Sopheon has reported full year results in line with its January trading update and a little ahead of our estimates which we upgraded at that time. Sopheon saw a strong finish to 2018 with a number of transactions further underlining the adaptability and flexibility of the Accolade platform. Overall, Sopheon won 18 new customers compared to 13 in 2017. Chairman Barry Mence says that Sopheon has ‘a unique opportunity’ to build on its category leader status by accelerating investment. Revenue visibility is already at $20.6 million for FY 2019E and the announcement highlights a sales pipeline which includes a number of ‘large opportunities’. Management continues to look at acquisition opportunities to augment organic growth. After an excellent FY 2018 which has enabled Sopheon to increase its dividend by 30%, we note the Board’s intention to speed up investment during the year and we make changes to our FY 2019E estimates which leave Adj EBITDA a touch lower than our previous estimate. We introduce FY 2020E estimates which reflect a resumption of good growth in Adj EBITDA on the expectation of moderated investment spend.

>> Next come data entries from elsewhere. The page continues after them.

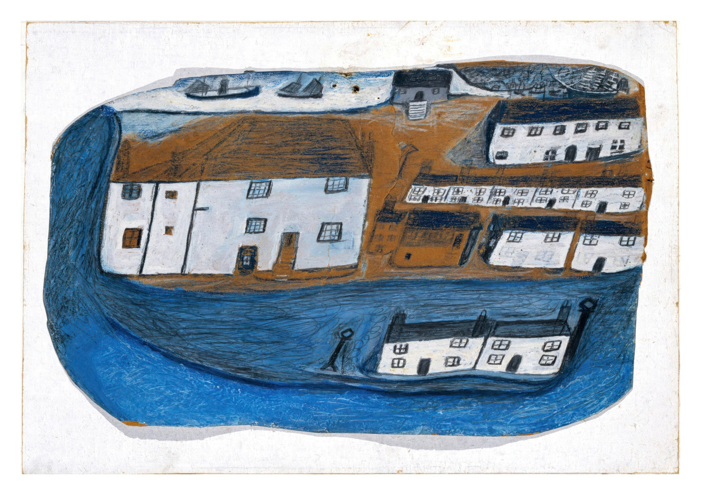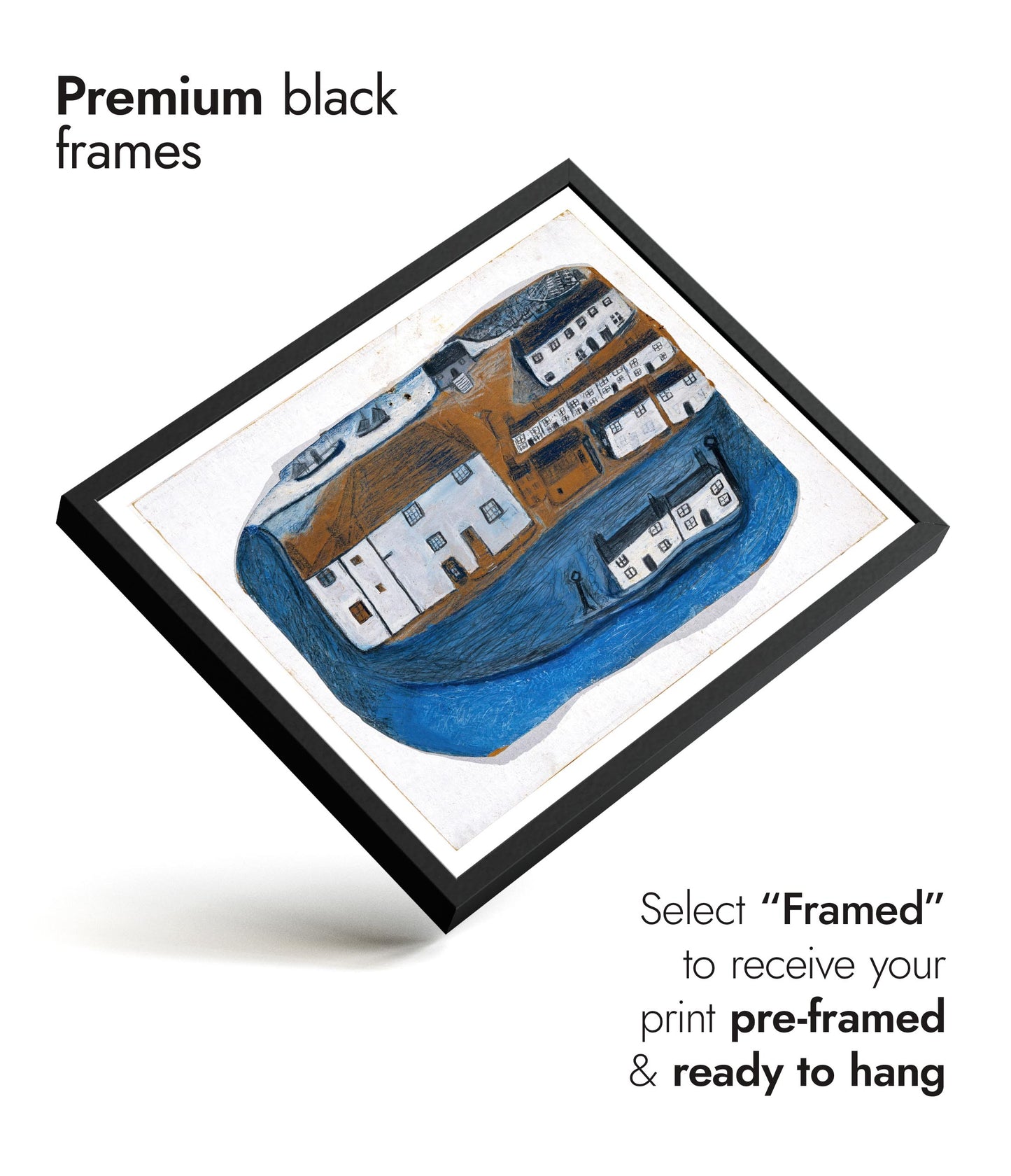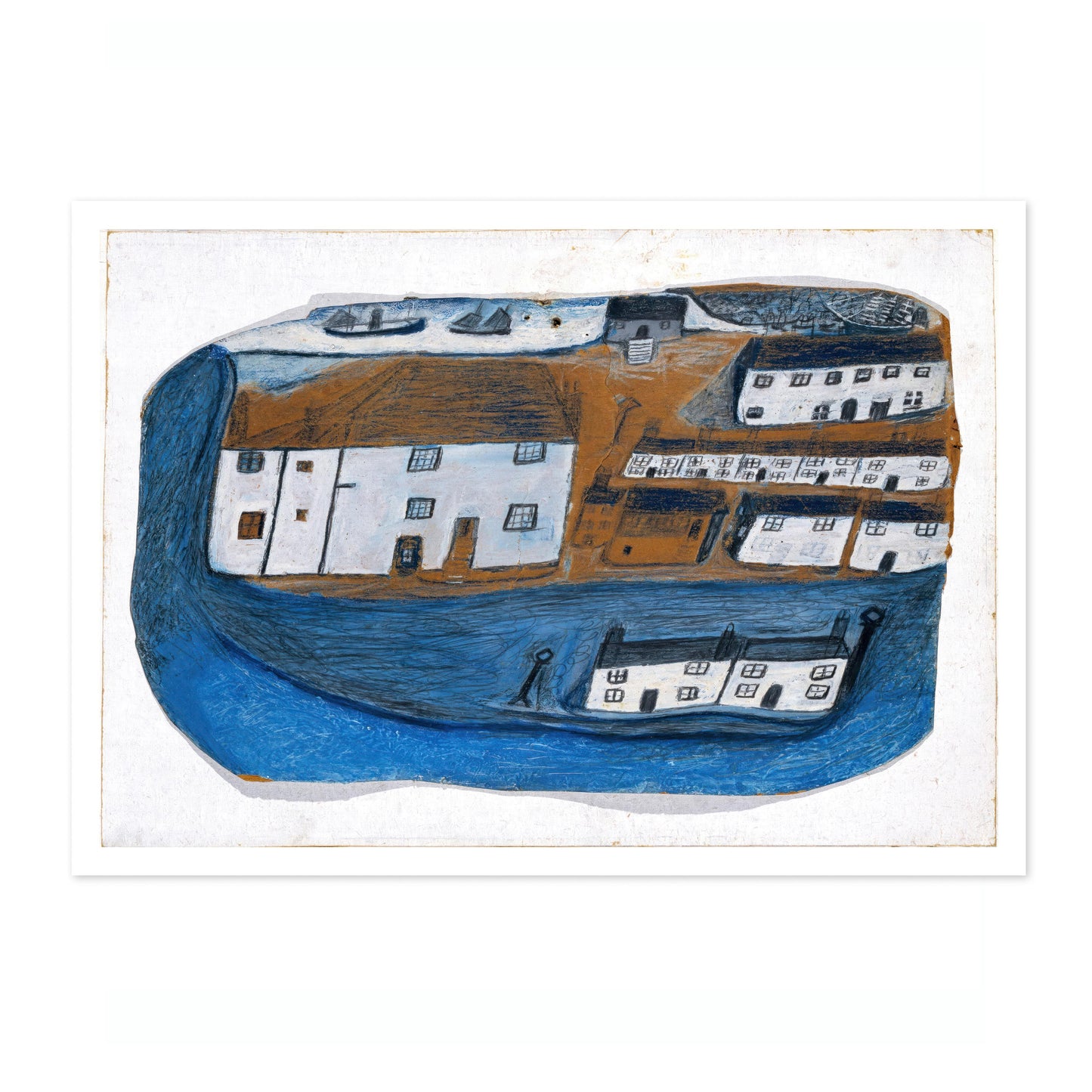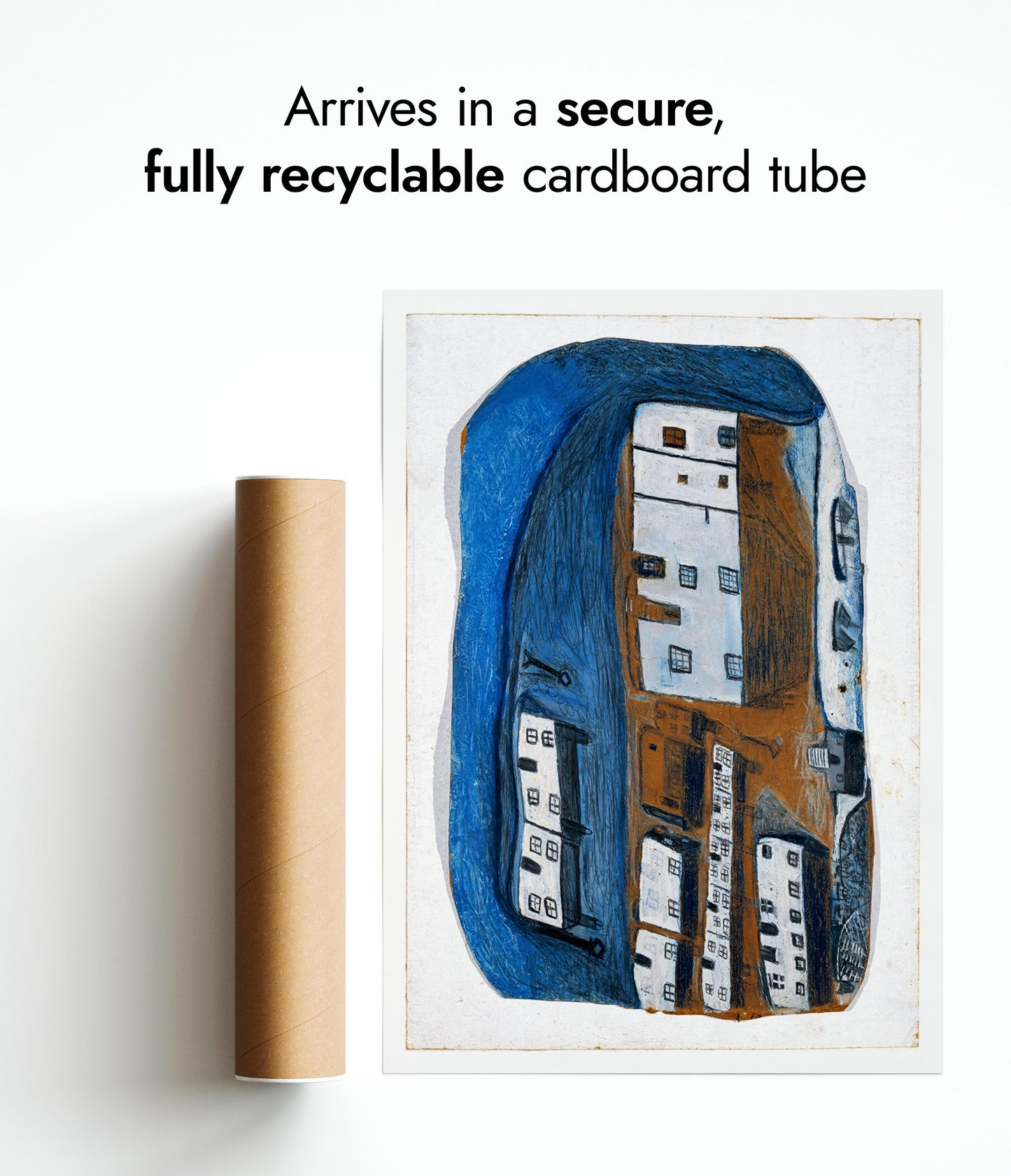 The "St. Ives" poster by Alfred Wallis showcases a naive landscape painting style, depicting the serene seaside village of St. Ives, Cornwall. The artwork features rustic houses set against a backdrop of blue sea and rugged cliffs. Wallis's primitive technique and use of earthy tones beautifully capture the essence of this charming English harbor. Perfect for adding coastal charm to your space.
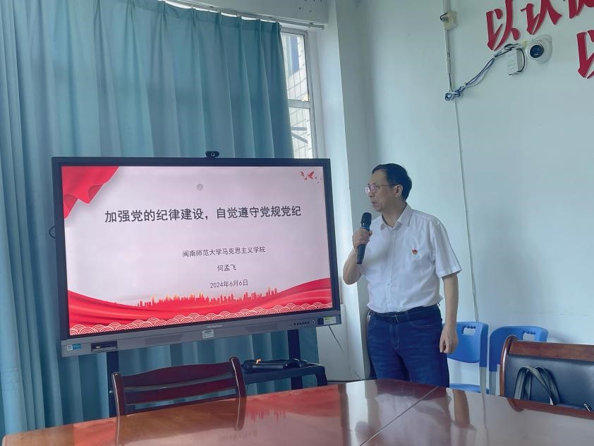 6月6日下午,教工第二党支部书记何孟飞在综东301会议室为支部党员讲授题为《加强党的纪律建设,自觉遵守党规党纪》的专题党课。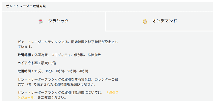 ゼン・トレーダーではオンデマンドとクラシックでは取り扱い銘柄に違いがあります。そのため取引方法別に銘柄を確認しましょう。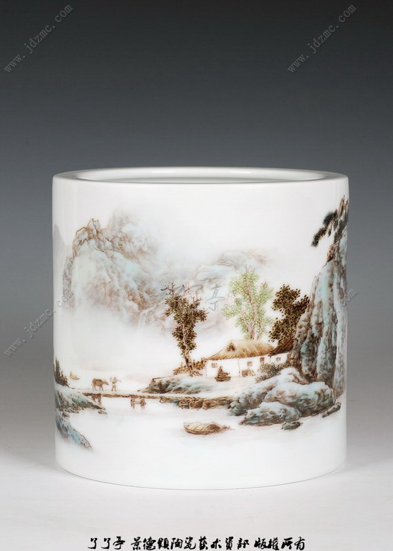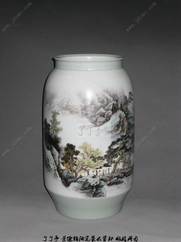 在你的面前,你是否仿佛又听到山涧传来的水声,阳光普照之下,天是那样近,云伸手可及,面对着这件瓷器,好像深深的吸口气就可以把一切都留住。看下去,是山清水秀,是植物葱茏,房屋精致的坐落在其中,哪儿是不是你曾向往的神秘幽静的世外桃园,又存留着温暖如春的人间烟火。其实人们对自己魂牵梦绕过的地方总是会产生一种莫名的感情,也渴望拥有着那份住在青山绿水间的闲情。那么李一来的画作中你就可以体会出那方山水的渗入骨髓的留恋和热爱,那种割舍不断的依依深情 。 了了亭·李申盛/文

Sopheon reported a 19% increase in revenue to $33.9m while reported EBITDA of $8.9m was an increase even on the strong prior year comparator of $8m. Profit after tax rose to $6.9m (FY 2017: $5.4m) with fully diluted EPS increasing by 16% to 65.0 cents from 55.9 cents in FY 2017. The dividend increased by 30% to 3.25p. The Group ended the year with net cash of $16.7m, up from $9.5m at the end of FY 2017.
With a tailwind from 2018 and ‘a few early-reported sales in 2019’, current year revenue visibility is now an encouraging $20.6m compared to $19.3m at this time last year.
While Sopheon’s European business was particularly strong in FY 2017, both the Americas and Europe grew revenues further in FY 2018 with the emphasis moving back to North America.
The outlook statement re-emphasises the opportunity that a strong business performance has brought to accelerate investment – in particular to hire more of the right people in FY 2019E. The Group also remains ‘open to M&A opportunities’ which align with its strategic priorities.
Overall, we view Sopheon’s upcoming acceleration in investment in organic initiatives as well-timed, with the group seeking to exploit a burgeoning market opportunity, the scale of which is only just beginning to show through in financial results.